### [GIVEN DATA]
- - - -

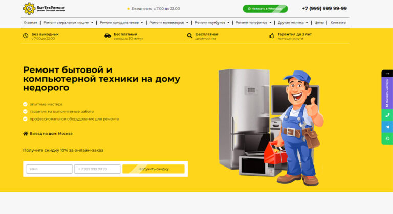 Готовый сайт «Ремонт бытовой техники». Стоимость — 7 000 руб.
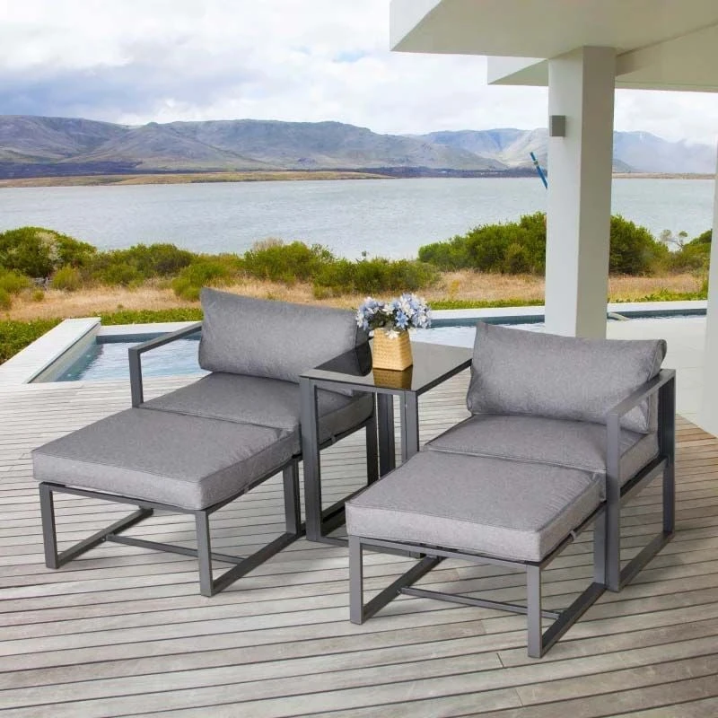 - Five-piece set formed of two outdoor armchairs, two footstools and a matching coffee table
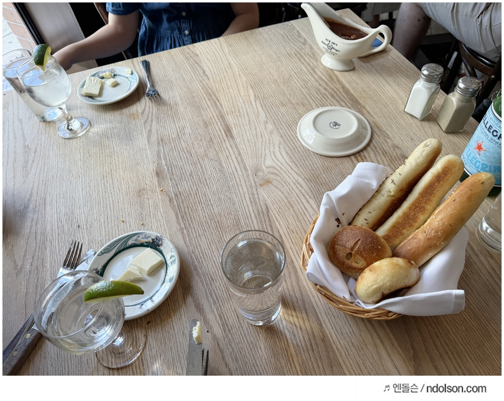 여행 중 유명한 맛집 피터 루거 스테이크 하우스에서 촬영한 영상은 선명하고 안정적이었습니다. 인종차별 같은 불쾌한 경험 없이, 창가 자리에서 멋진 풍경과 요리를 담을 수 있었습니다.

- - - -

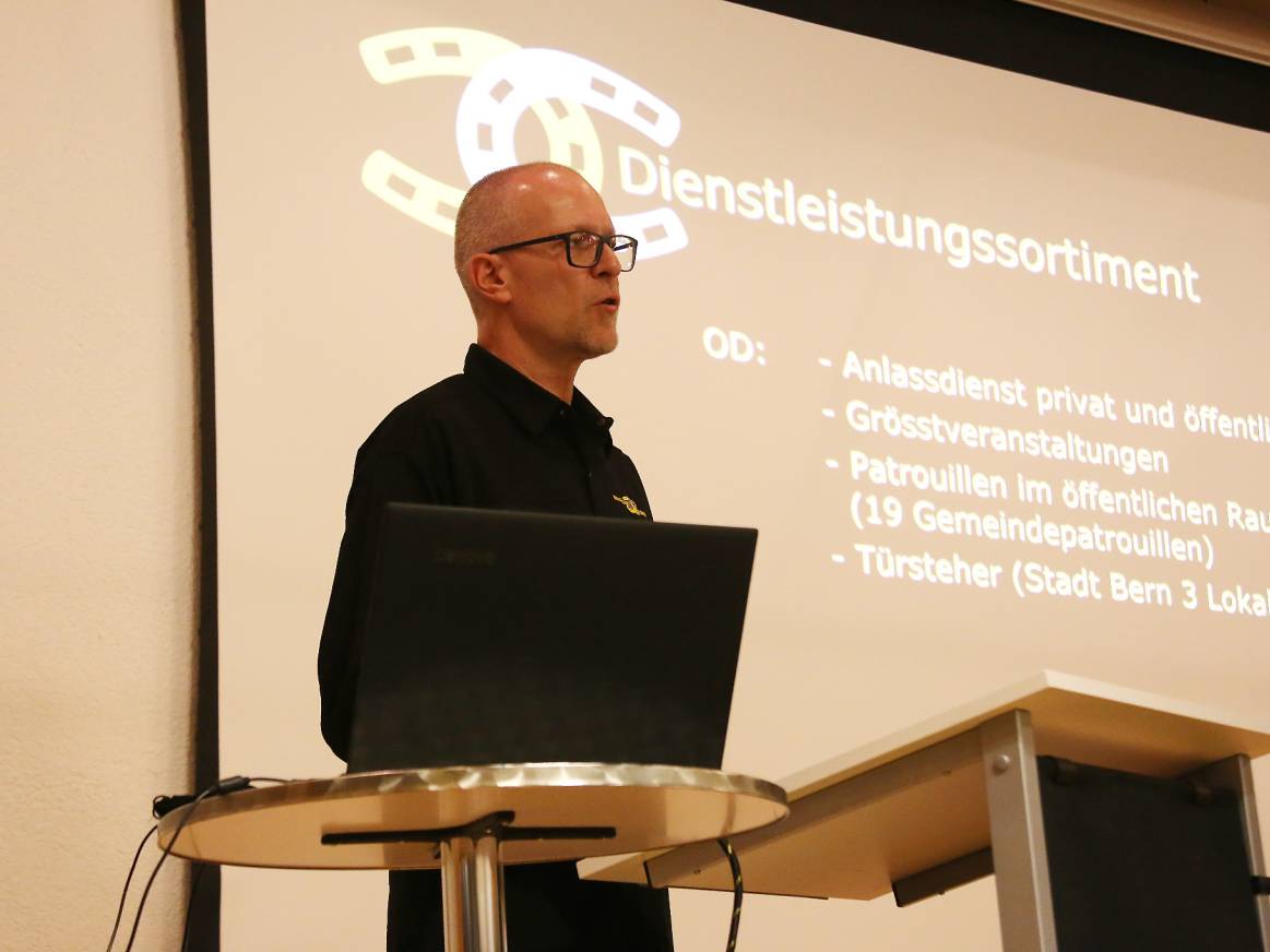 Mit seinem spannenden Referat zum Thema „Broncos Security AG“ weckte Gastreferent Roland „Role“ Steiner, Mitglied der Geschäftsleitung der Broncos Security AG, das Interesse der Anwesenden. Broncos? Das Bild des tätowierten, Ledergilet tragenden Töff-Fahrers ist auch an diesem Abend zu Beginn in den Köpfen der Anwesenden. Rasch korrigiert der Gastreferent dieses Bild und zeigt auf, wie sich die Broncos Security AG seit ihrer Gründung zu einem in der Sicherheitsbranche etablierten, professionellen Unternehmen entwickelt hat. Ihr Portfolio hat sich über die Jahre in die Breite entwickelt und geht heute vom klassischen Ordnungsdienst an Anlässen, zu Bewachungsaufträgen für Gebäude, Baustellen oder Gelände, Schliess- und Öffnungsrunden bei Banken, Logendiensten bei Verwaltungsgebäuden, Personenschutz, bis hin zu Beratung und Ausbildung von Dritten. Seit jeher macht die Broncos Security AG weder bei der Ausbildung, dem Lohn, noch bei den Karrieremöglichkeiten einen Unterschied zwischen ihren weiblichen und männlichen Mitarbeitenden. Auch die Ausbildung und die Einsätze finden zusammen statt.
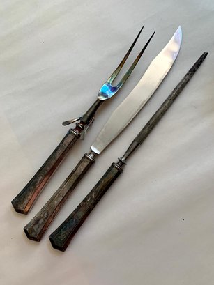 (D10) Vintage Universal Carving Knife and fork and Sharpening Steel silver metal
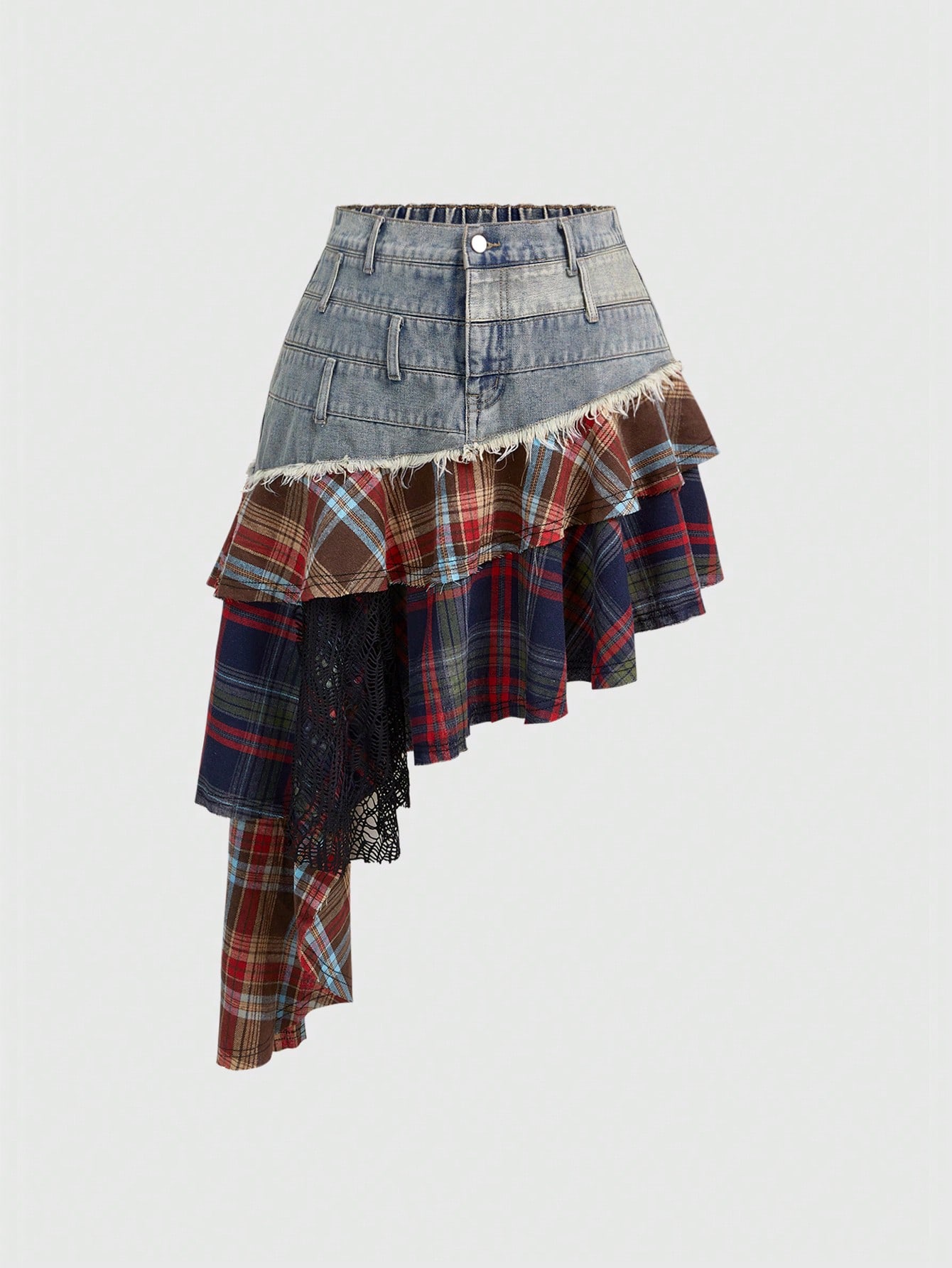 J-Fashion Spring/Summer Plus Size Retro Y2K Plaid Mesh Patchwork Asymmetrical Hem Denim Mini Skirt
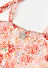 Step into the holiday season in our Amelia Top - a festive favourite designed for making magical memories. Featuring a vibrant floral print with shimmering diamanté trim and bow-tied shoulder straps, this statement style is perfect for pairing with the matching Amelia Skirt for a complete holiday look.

- - - -

### [WHAT YOU ARE ASKED TO DO]
Output only the lines above from the one containing "- Five-piece set" to the one containing "여행 중 유명한 맛집", both included, exactly as written and with no pictures.

### [YOUR RESPONSE]
 - Five-piece set formed of two outdoor armchairs, two footstools and a matching coffee table
 여행 중 유명한 맛집 피터 루거 스테이크 하우스에서 촬영한 영상은 선명하고 안정적이었습니다. 인종차별 같은 불쾌한 경험 없이, 창가 자리에서 멋진 풍경과 요리를 담을 수 있었습니다.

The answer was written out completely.